A special class of attitudes called behavioral intentions are used to predict future behavior. Measurement efforts should specify the target, the action, the context, and the timing of the behavior (Fishbein and Azjen, 1980). For example, in predicting consumers’ likelihood to purchase a vehicle, my questionnaire item might read: “I plan on purchasing a new LS400 in the next six months from a Lexus dealer.” The target is the new LS400, the action is purchasing it, the context is a Lexus dealer and the timing is the next six months. Behavioral intentions are the best choice for predicting specific future behavior.

5) Behaviors - The only overt manifestations that are commonly measured, behaviors are usually the outcome of the attitudes, values, and personality of a person. Behaviors may be product choices, lifestyle activities, product usage, or any other overt and measurable behavior. This is typically the level where lifestyle segmentation takes place. However, you can reasonably assume that attitudes, values, and personality usually drive a person’s lifestyle. What is known as lifestyle segmentation uses behavior to infer (predict) other associated behaviors (e.g., product preferences). This approach has met with mixed success, depending on the application. Behaviors can be used as a source of segmentation or to profile segmentation based on covert levels (attitudes). Obviously, they have the highest validity of prediction (they are reporting behaviors!). The same can not be said for the lifestyle application of this level (behaviors to predict other behaviors). Behaviors are also the most malleable class of attributes.

References and further reading

Ajzen, I. and M. Fishbein. Understanding Attitudes And Predicting Social Behavior. Englewood Cliffs, N.J.: Prentice Hall, 1980.

Digman, J. M. “Personality Structure: Emergence of the Five-factor Model.” Annual Review of Psychology (1990), 41, 417-440.

Kahle, L. and L. Chiagouris. Values, Lifestyles, and Psychographics. Mahwah, N.J.: Lawrence Erlbaum Associates, 1997.

McCrae, R.R. (Ed.). “The Five-Factor Model: Issues and Applications.” Journal of Personality (Special Issue). 60(2), June 1992.

McAdams, Dan P. “The Five-factor Model in Personality: A Critical Appraisal.” Journal of Personality (1992), 60, 329-361.

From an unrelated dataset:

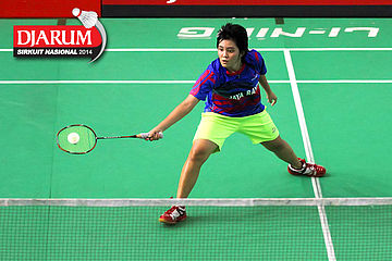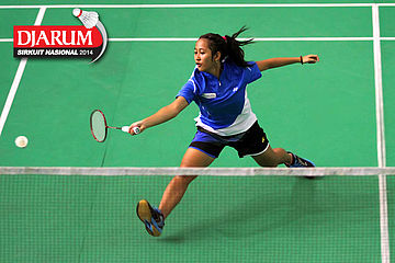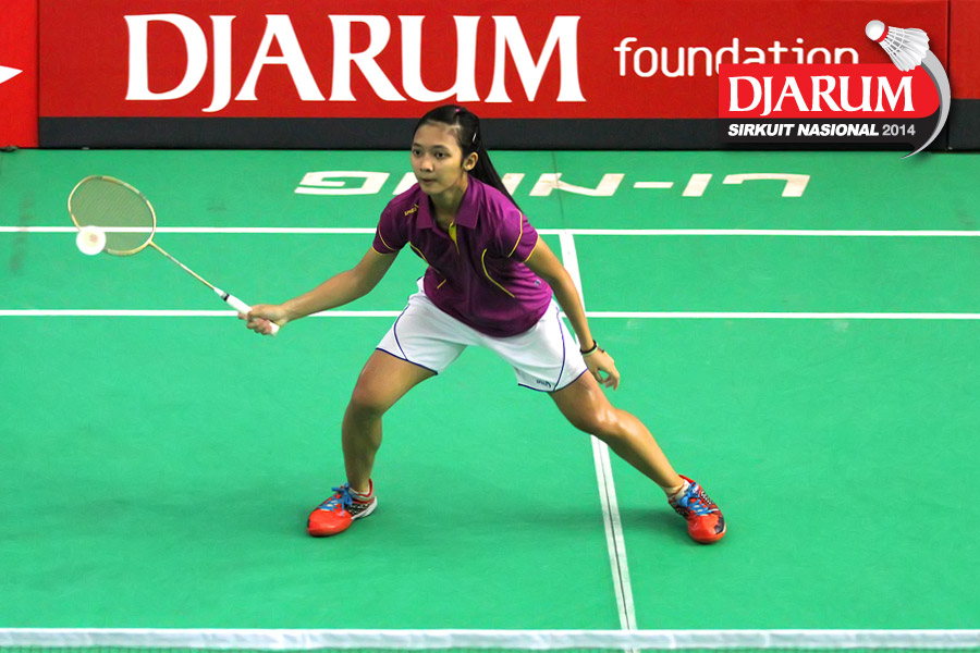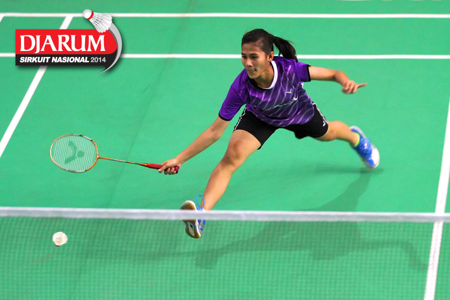 Priskila Siahaya (Exist) berusaha menggapai pengembalian dari Rifa Putri (PB Djarum)

Myers, J.H. Segmentation and Positioning for Strategic Marketing Decisions. Chicago: American Marketing Association, 1996.

Oksamp, S. Attitudes and Opinions. Englewood Cliffs, N.J., Prentice Hall, 1991.

Rokeach, M. Understanding Human Values (2nd edition). New York: Free Press, 1979.

Wedel, M. and W.A. Kamakura. Market Segmentation: Conceptual and Methodological Foundations. Boston, Kluwer Academic Publishers, 1999.